Незаметно зима подошла к концу, начало припекать солнце, Анна Антоновна оправилась от очередного удара судьбы, приступила к работе с учениками, которых в её отсутствие обучала пионервожатая из средней школы, сама имеющая только среднюю школу за плечами, но мечтающая стать учителем.
Прошел жаркий май, занятия в школе закончились, и Анна Антоновна взяв учительский отпуск, поехала на Дальний Восток искать своего мужа или какие-нибудь сведений о нем.
Добравшись до города Свободный, где располагалось Управление Бамлагом, Анна Антоновна остановилась в шахтерской гостинице для приезжих, так как в этом городе был не только лагерь Бамлаг, но и шахты, которые снабжали углем всё Приамурье: котельные, паровозы и электрические станции – все использовали этот уголь.
На следующий день она отправилась в Управление Бамлага, захватив с собой последнее письмо от Ивана Петровича с его адресом.
В Управлении Бамлага на просьбы Анна Антоновны, сообщить о судьбе мужа, ей ответили, что сведений о заключенных они не дают, в списках умерших или отправленных по этапу в другие лагеря его нет, а то, что, он не пишет, это его дело – может, не хочет, а может и лишен права переписки за какие-нибудь проступки. И это последнее утверждение было верным. Находясь в СИЗО Иван Петрович был лишен права переписки до окончания следствия.
Кто-то из администрации лагеря посоветовал Анне Антоновне уехать поскорее, чтобы не навлечь дополнительных неприятностей на мужа, если он в лагере и самой не быть привлеченной за сочувствие к осужденным, поскольку борьба с врагами народа была в самом разгаре.
Анна Антоновна прислушалась к совету и на следующий день уехала домой, так и не узнав, насколько близко она находилась от мужа, томившегося в СИЗО неподалеку от административного здания Бамлага.
XVI
Утром, 20 января 1937 года Иван Петрович проснулся в своем углу на нарах, обнадёженный предстоящим скорым освобождением, обещанным ему следователем Куликовым.
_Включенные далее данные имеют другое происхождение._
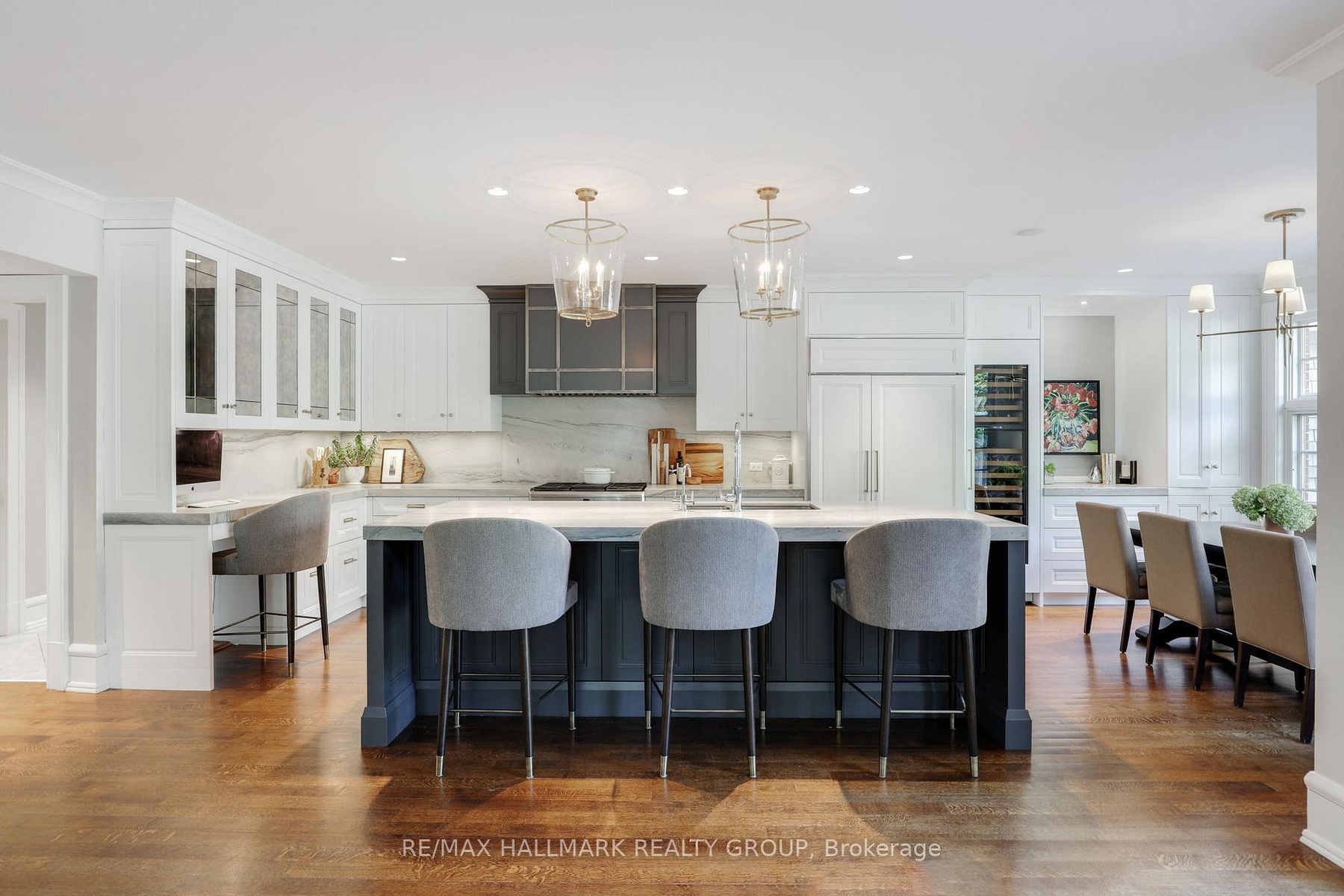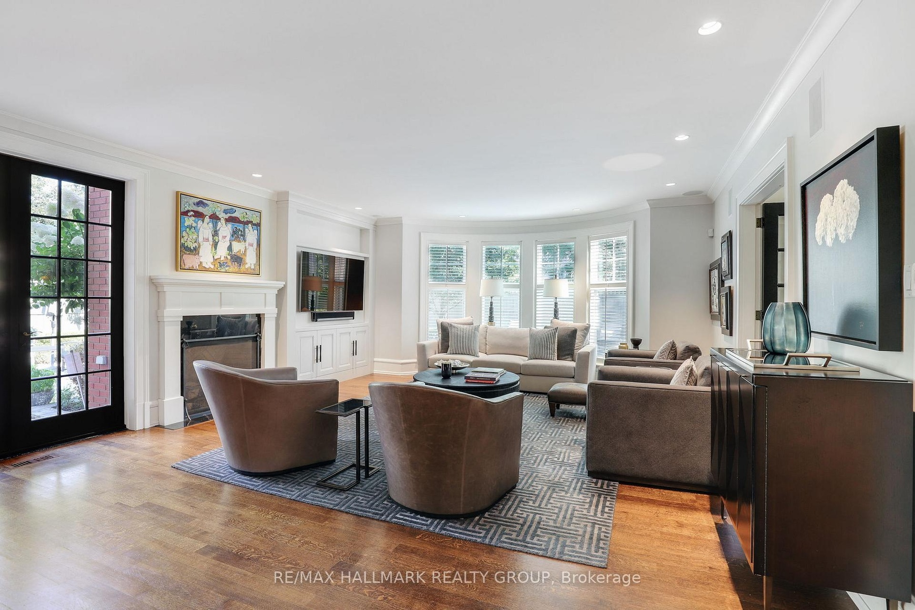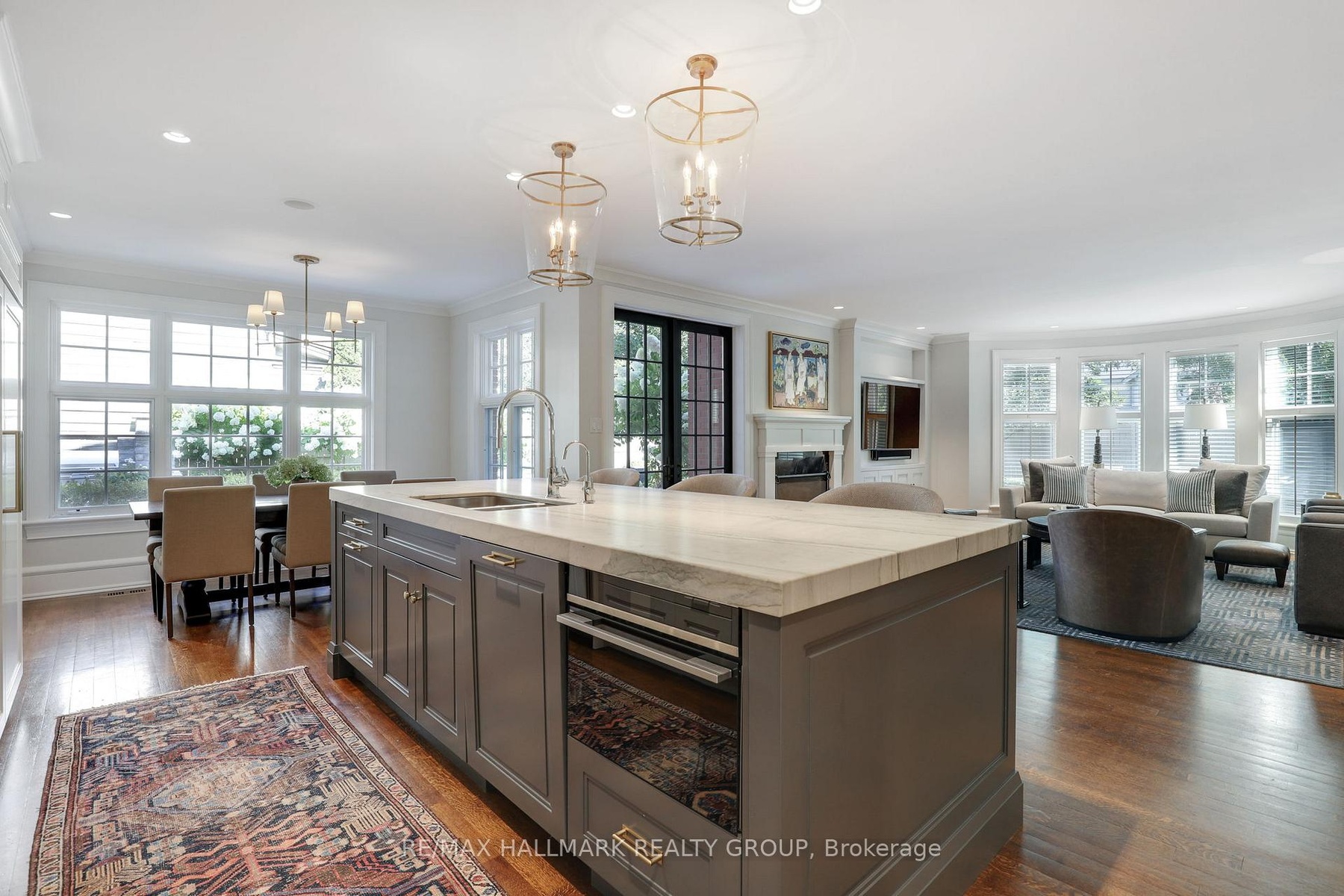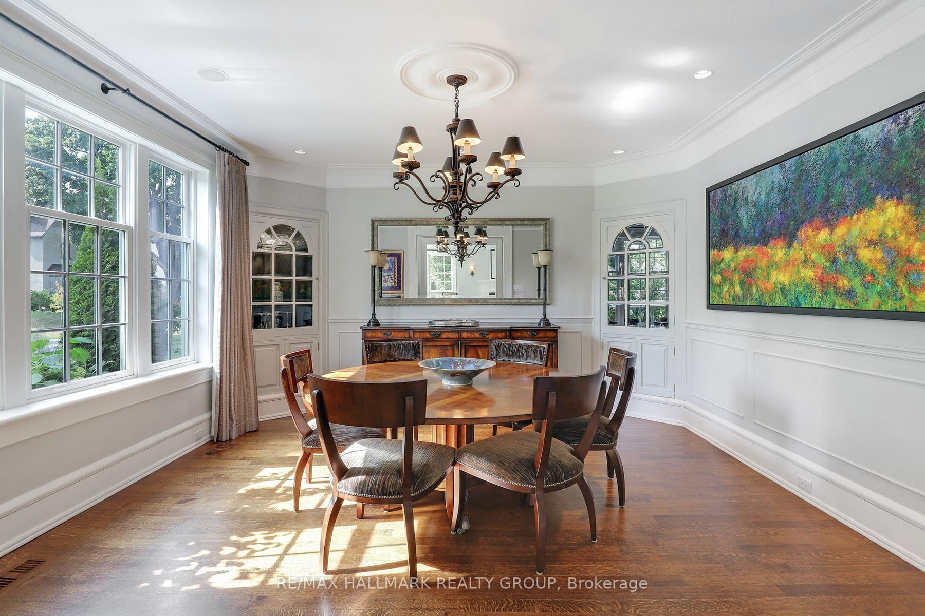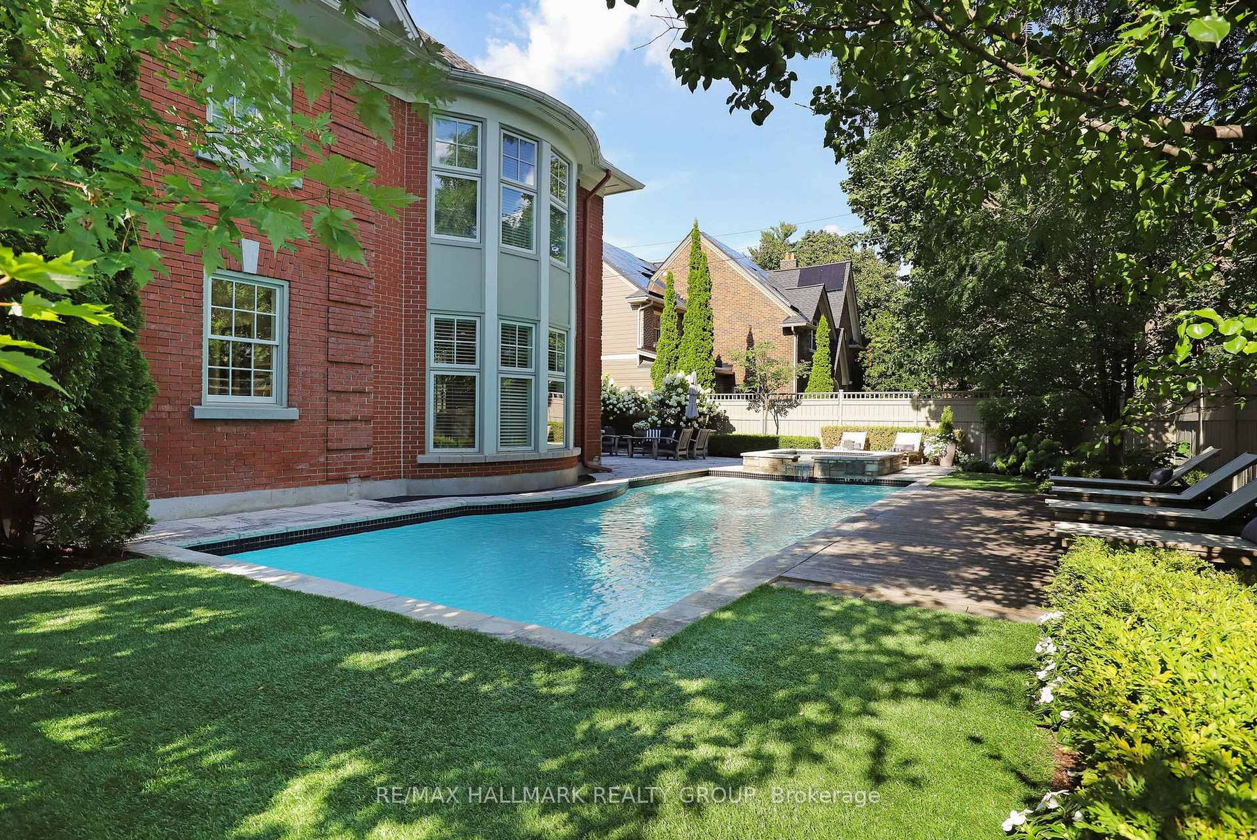 A rare offering in Ottawa's prestigious Island Park neighbourhood - 525 Piccadilly Avenue is a Barry Hobin designed corner estate with interiors by 2H Design, blending heritage character and modern luxury across four levels. The grand foyer sets the tone with soaring ceilings, rich hardwood, and detailed millwork. Formal living and dining rooms feature original hutches, restored shelving, and a marble fireplace. A spacious family room with bay windows, marble gas fireplace, and custom cabinetry opens to the designer kitchen and outdoor living. The kitchen showcases antique mirrored cabinetry, leathered quartz counters, a custom range hood with gas range and steam oven, wine tower, and oversized island paired with a breakfast room complete with serving area and office nook. A herringbone marble tiled mudroom with custom cubbies connects via breezeway from the over-sized garage for discreet family entry. French doors lead to a resort-style backyard with terraced dining, built-in BBQ kitchen, gunite pool with spa and water feature, and multiple lounge decks surrounded by manicured gardens. The second level offers a serene primary suite with bay window views, travertine and limestone ensuite, and dual walk-in closets. Two more bedrooms incl. another with ensuite as well as one currently used as den/office, and four-piece bath complete the floor. The third level is host to spacious bedrooms with full bath between the two. The lower level includes a recreation room, gym with infrared sauna, custom wine cellar, nanny/guest suite with bath, laundry, and ample storage. Timeless architecture, designer finishes, and exceptional outdoor living make this Island Park residence an extraordinary opportunity.

Дверь камеры CИЗО лязгнула, отворилась и в камеру вошел восточного вида человек в форме, со знаками различия старшего лейтенанта в петлицах, следом вошел стрелок охраны.
– Я новый начальник CИЗО Раджабов, – сказал вошедший, – кто здесь зк Пушкин и Владимиров? – назвал он соседей Ивана Петровича по верхним нарам. Названные им зк нехотя откликнулись.
– Вставать надо всем и строиться в шеренгу, когда начальник входит, – недовольно буркнул Раджабов, – разболтались здесь, ну да ничего, я быстро порядок наведу. Вставайте, одевайтесь и берите свои вещи – вы идёте на штрафную колонну, а оттуда этапируетесь в лагерь Амурский.
Иван Петрович слез с нар, а зк Владимиров забился в угол и сказал, что никуда он не пойдет, пока ему не покажут бумагу на этап.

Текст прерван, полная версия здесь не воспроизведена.